Single by Soolking featuring Gazo
- Language: French
- Released: 6 July 2023
- Length: 3:10
- Label: Capitol
- Songwriters: Abderraouf Derradji; Ibrahima Diakité; Nassim Diane; Nass Brans;
- Producers: Voluptyk; Brans;

Music video
- "Casanova" on YouTube

= Casanova (Soolking and Gazo song) =

"Casanova" is a song by Algerian singer Soolking featuring French rapper Gazo. It was released on 6 July 2023, produced by Voluptk and Nass Brans. The song peaked at number one on the French Singles Chart.

Due to this success, Casanova has a total of four different versions in German, Swedish, Turkish and Spanish. Milano was featured on the German version, ADAAM on the Swedish version and Sefo on the Turkish version. In December 7 2023, Soolking released the official remix for Casanova, featuring the Spanish artists Lola Indigo and Rvfv.
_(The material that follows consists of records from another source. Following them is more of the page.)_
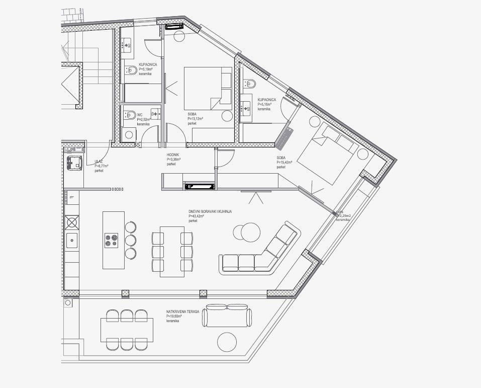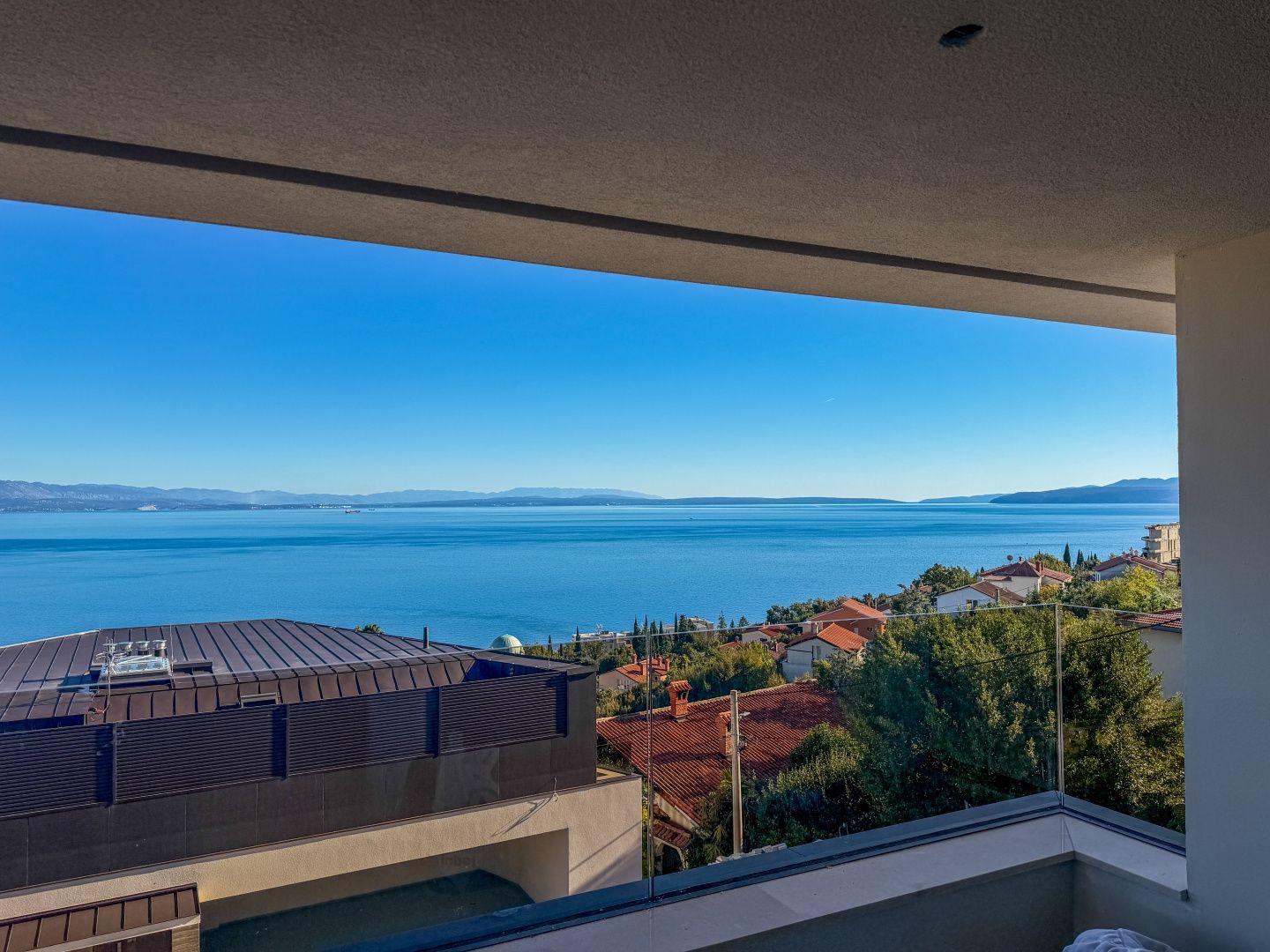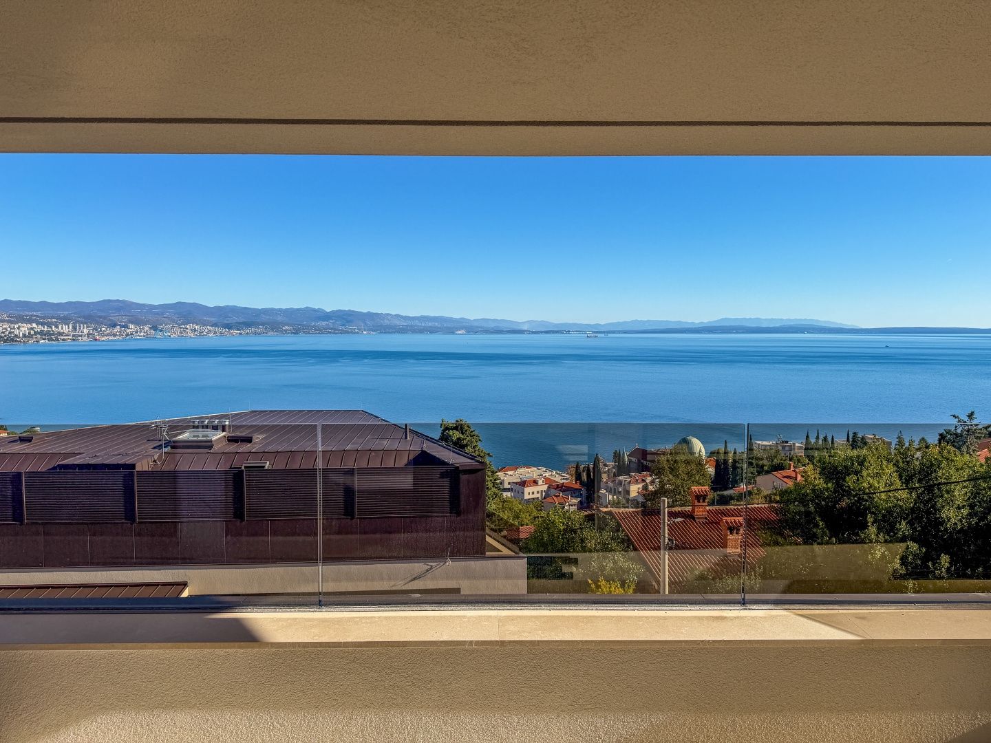 OPATIJA, ZENTRUM – Luxusapartment in einem Neubau mit Wellnessbereich, Fitnessstudio und Garage Exklusive Gelegenheit bei Real Estate: Wohnung Nr. 4 mit einer Wohnfläche von 101,39 m² und einer 9,78 m² großen Terrasse mit herrlichem Meerblick steht zum Verkauf. Die Wohnung ist bequem mit dem Aufzug erreichbar. Von dort gelangen Sie in einen großzügigen, offenen Wohnbereich mit Küche, Essbereich und Zugang zur Terrasse. Im Untergeschoss befinden sich zwei Schlafzimmer mit jeweils eigenem Bad. Beide Zimmer bieten Zugang zu einer geräumigen Terrasse mit traumhaftem Ausblick – ideal zum Entspannen und geselligen Beisammensein. Zur Wohnung gehören zwei Parkplätze, die gemäß Preisliste zusätzlich berechnet werden. Optional können weitere Parkplätze erworben werden. Dieses moderne Neubaugebäude bietet erstklassige Bauqualität und Ausstattung: - Luftrückgewinnung mit Pollen- und Allergenfilter - Fußbodenheizung in allen Räumen und energieeffiziente Heizung über Wärmepumpen - Fenster und Türen aus braunem Aluminium mit dreifach verglastem IZO-Glas - Smart-Home-System mit Zugangskontrolle (ABB Free@home) - Sanitäreinrichtungen von Hansgrohe, Eichenparkett und Sicherheitstüren - elektrische Aluminium-Jalousien, LED-Beleuchtung und Videoüberwachung der Gemeinschaftsbereiche - gemeinschaftlicher Fitness- und Wellnessbereich - 260 cm Deckenhöhe und ein leiser OTIS-Aufzug mit luxuriöser Kabine Eine perfekte Gelegenheit, eine Luxuswohnung im Herzen von Opatija zu erwerben – in einem Neubau, der Komfort, Technologie und eleganten mediterranen Stil mit einem atemberaubenden Ausblick vereint. Für eine Besichtigung kontaktieren Sie bitte einen unserer vertrauenswürdigen Makler – Beratung auf Deutsch möglich.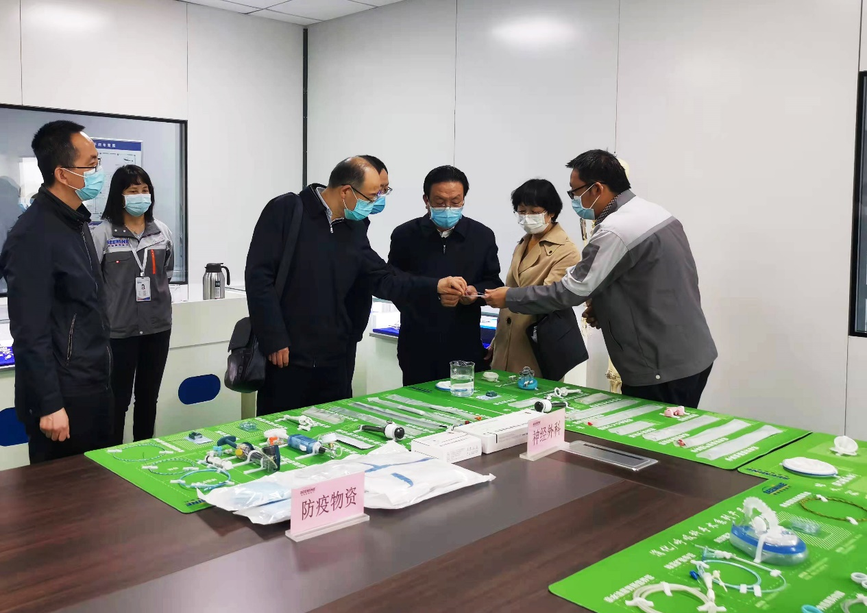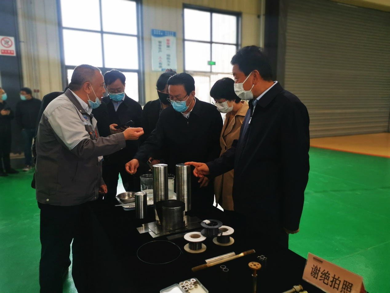 在調研過程中,領導們參觀了蘭州西脈醫療原材料產業基地,對原材料形狀記憶合金內固定植入器械、全碳雙葉型人工機械心臟瓣膜、新型功能性涂層導絲、超潤滑親水涂層導尿管、口罩等產品的研發和生產環境進行了深入細致的考察。同時對公司人才隊伍及培訓機制、建設方式、建設取得的成績以及人才隊伍建設中面臨的問題等展開了全面的探討。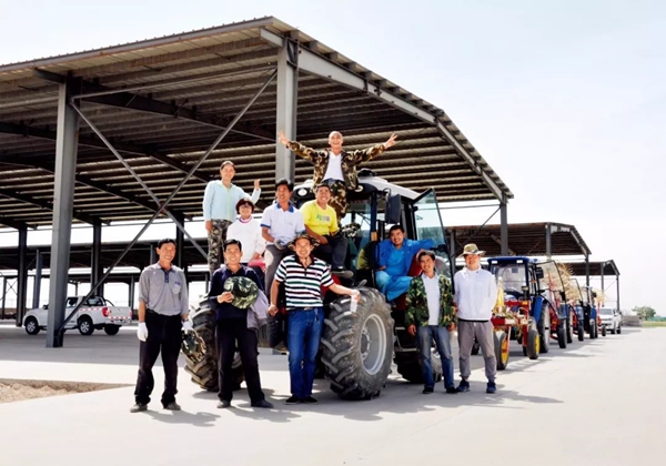 農科畢業生姚珊(三排左一)在寧夏千葉青農業科技發展公司生產基地與同事合影
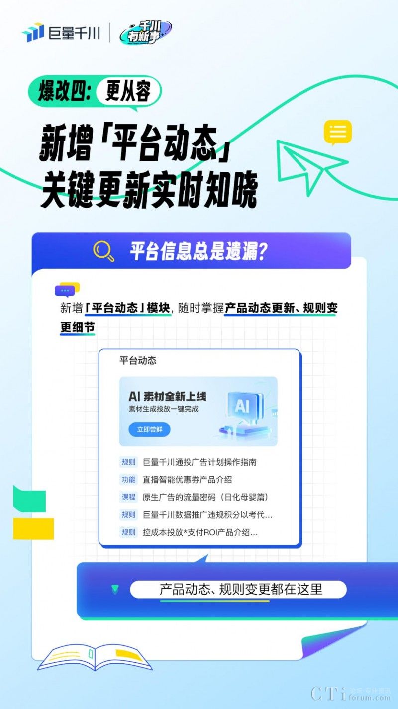 巨量千川首頁(yè)升級(jí)還增設(shè)了「平臺(tái)動(dòng)態(tài)」模塊,實(shí)時(shí)呈現(xiàn)平臺(tái)產(chǎn)品更新、規(guī)則變更等信息,讓商家可以及時(shí)了解平臺(tái)最新動(dòng)態(tài),把握生意增長(zhǎng)機(jī)遇。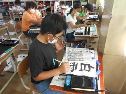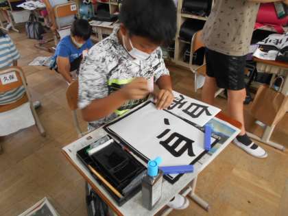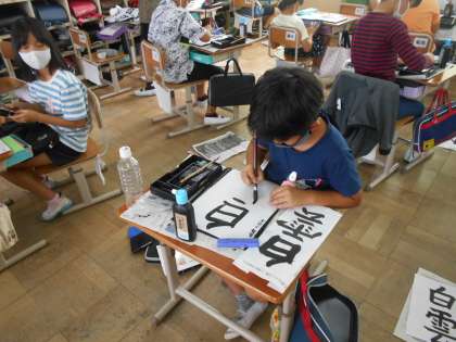 書写の時間の様子です。今日チャレンジする文字は『白雲』です。文字の大きさに気をつけて書きました。画数の少ない文字と画数の多い文字の組み合わせはとても難しかったです。画数の少ない文字は小さく,画数の大きい文字は大きく書くことに気をつけるとバランスをとりやすく,きれいに書くことができました。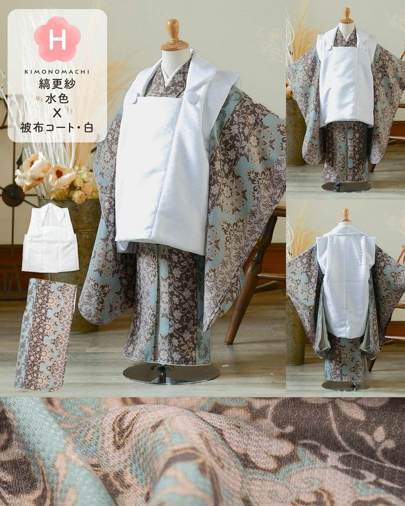 E.ミモザに立涌 灰青×被布コート 白
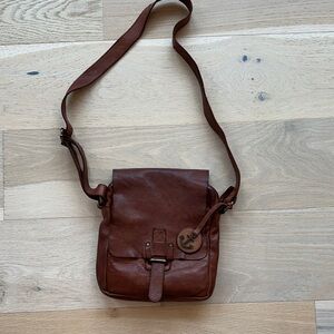 Stylish brown leather crossbody bag perfect for everyday use. Durable and versatile, ideal for keeping essentials close at hand.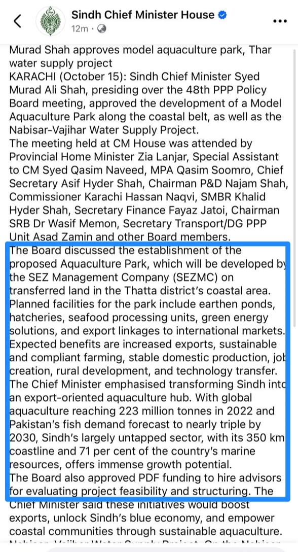 The proposed Aquaculture Park in Thatta, approved under the PPP Policy Board, Government of Sindh, represents a transformative step toward unlocking the immense potential of Sindh’s coastal belt.
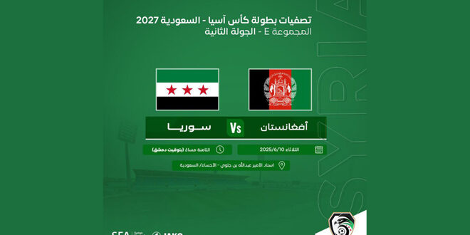 ثبت الاتحاد الآسيوي لكرة القدم موعد ومكان إقامة مباراة منتخبنا الوطني الأول المقبلة في تصفيات كأس آسيا 2027 أمام منتخب أفغانستان في ملعب الأمير عبد الله بن جلوي في مدينة الأحساء بالسعودية كأرض افتراضية لمنتخب أفغانستان، ضمن الجولة الثانية من التصفيات.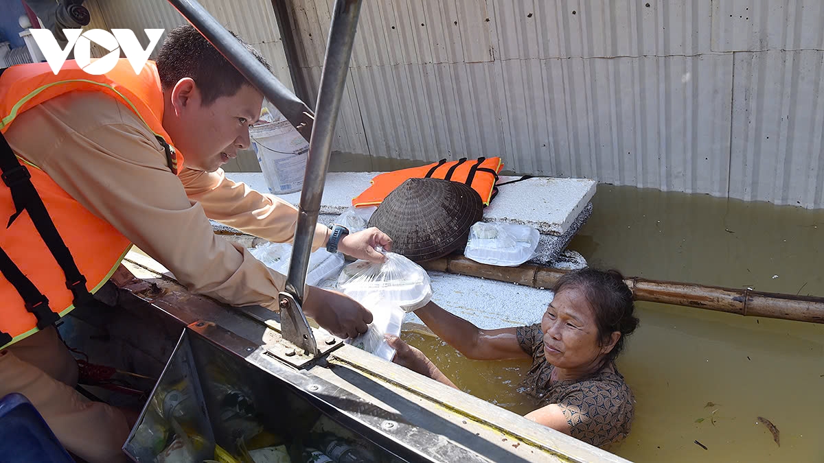Đội Cảnh sát đường thủy số 1 hỗ trợ tiếp tế thức ăn, nước uống cho người dân trong vùng lũ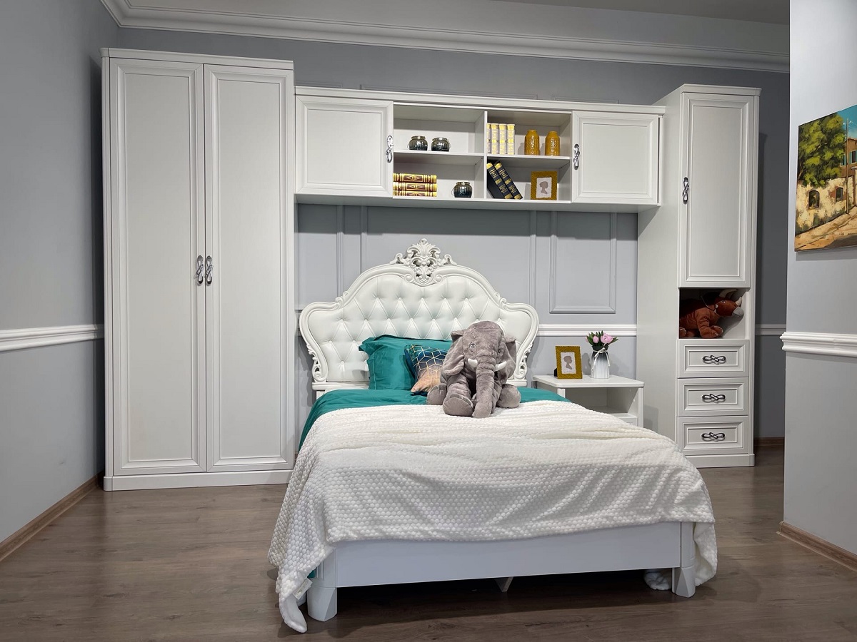 Детская пальня Мишель — это модульная спальня с рядом очень больших преимуществ, которые выгодно отличают спальню Мишель от наших других спален и спален наших конкурентов. Преимущества детской Мишель: Стиль – неоклассика (модное сейчас направление в дизайне), эта спальня подойдет к любому интерьеру Цвет – белый матовый Фасады – рамочные крашенные фасады толщиной 22 мм Ящики – направляющие всех ящиков скрытого типа и оснащены доводчиками Дверные петли - все петли на шкафах оснащены доводчиками Фурнитура – GTV крупнейший польский производитель мебельный фурнитуры Топы – все топы на тумбах и комодах изготовлены из крашеного МДФ Регулировка – опоры всех изделий регулируемые, то есть даже на кривом полу шкаф будет стоять ровно Упаковка – все детали проложены пенопластом и изокомом, углы на упаковках с фасадами и корпусом дополнительно защищены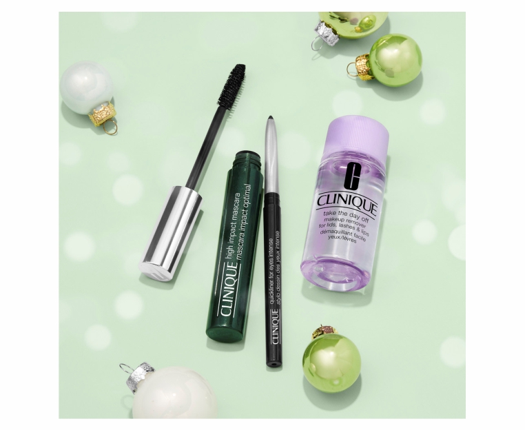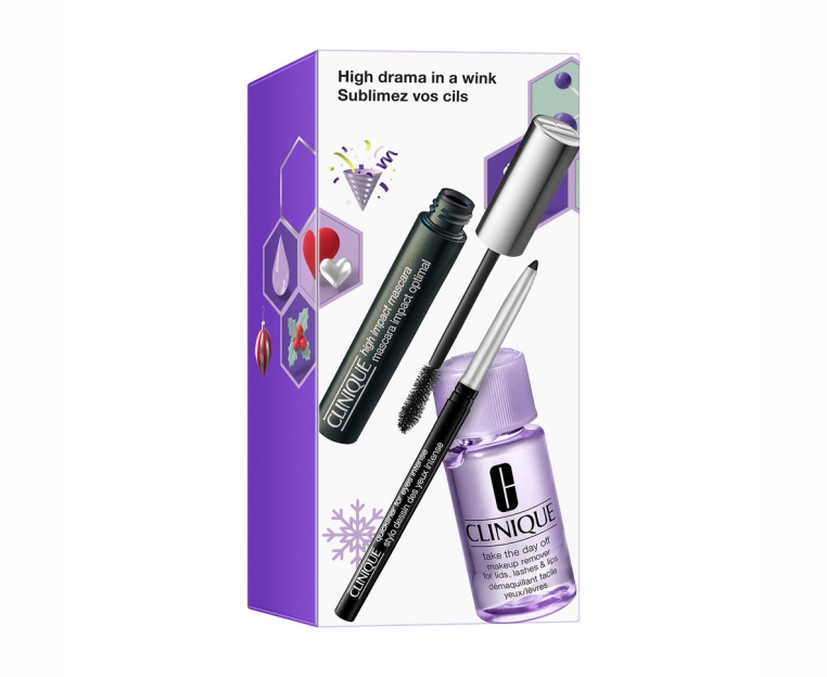 Универсальная тушь для ресниц Clinique High Impact Mascara - Black, Автоматический карандаш для век Clinique Quickliner For Eyes Intense - Intense Black, Средство для снятия стойкого макияжа с век, ресниц и губ Clinique Take The Day Off Makeup Remover For Lids, Lashes & Lips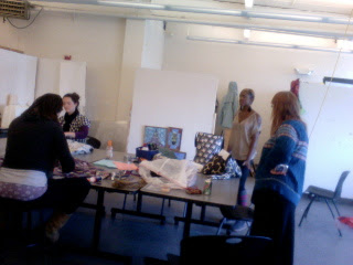 During our team meeting on Friday morning, we worked on our quilts, reviewed our quilts collectively, figured out the order of where the pieces would go, and then generally screwed around and hammed it up. Here are some of the photos taken yesterday by our professors: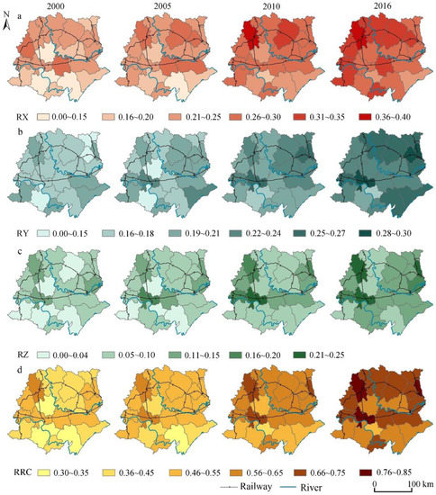 Following Section 2.2.1, the entropy method was used to obtain the weights of the various indices in Table 1 (Endogenous responses). Next, the dimensional and comprehensive indices for the rural reconstruction of the Plain were calculated through summation of the weights. The results, as shown in Table 2, indicate the following: (1) the rural areas of the Plain were undergoing a process of continuous reconstruction. In 2000–2016, the RRC increased from 0.10 to 0.79, while the RX, RY, and RZ increased from 0.05, 0.04, and 0.01 to 0.28, 0.23, and 0.28, respectively. During the study period, the proportion of rural population decreased from 66.68% to 47.12%, whereas the pro-portion of non-agricultural industries rose from 74.13% to 90.58%, and the proportion of urban construction land increased from 0.91% to 1.52%. Overall, the rural areas elements and system structure had undergone dramatic changes. (2) Rural reconstruction of the Plain was characterized by a phased development, with 2009 roughly being the node. RX’s contribution rate rose in the early stage but declined steadily in the later stage; RY’s contribution rate decreased significantly in the early stage but remained relatively stable in the later stage; and RZ’s contribution rate fluctuated in the early stage before rising steadily in the later stage. The evolutionary process of rural reconstruction was in the sequence of social, economic, and spatial restructuring. The Plain experienced rapid industrialization and urbanization in the 21st century, causing the rural areas to experience an evolutionary process with changes to the population structure, industrial structure and land use structure in sequence [47]. There was a general coincidence between the phased characteristics of rural reconstruction and the trend of evolution in the rural space.

This version was also a huge success, reaching number one at Spain charts and reaching over more than 110 million streams at Spotify.

==Charts==
===Weekly charts===

Chart performance for "Casanova" (Soolking and Gazo)
| Chart (2023) | Peak position |
|---|---|
| Belgium (Ultratop 50 Wallonia) | 3 |
| Czech Republic Singles Digital (ČNS IFPI) | 92 |
| France (SNEP) | 1 |
| Germany (GfK) | 88 |
| Italy (FIMI) | 40 |
| Luxembourg (Billboard) | 3 |
| Netherlands (Single Tip) | 1 |
| Spain (Promusicae) | 93 |
| Switzerland (Schweizer Hitparade) | 7 |

Chart performance for "Casanova" (Soolking and Adaam)
| Chart (2024) | Peak position |
|---|---|
| Sweden Heatseeker (Sverigetopplistan) | 6 |

===Year-end charts===

2023 year-end chart performance for "Casanova"
| Chart (2023) | Position |
|---|---|
| Switzerland (Schweizer Hitparade) | 50 |

2025 year-end chart performance for "Casanova"
| Chart (2025) | Position |
|---|---|
| France (SNEP) | 153 |

==Certifications==

Certifications for "Casanova"
| Region | Certification | Certified units/sales |
| Belgium (BRMA) | 2× Platinum | 80,000^{‡} |
| France (SNEP) | Platinum | 200,000^{‡} |
| Spain (Promusicae) | Gold | 30,000^{‡} |
^{‡} Sales+streaming figures based on certification alone.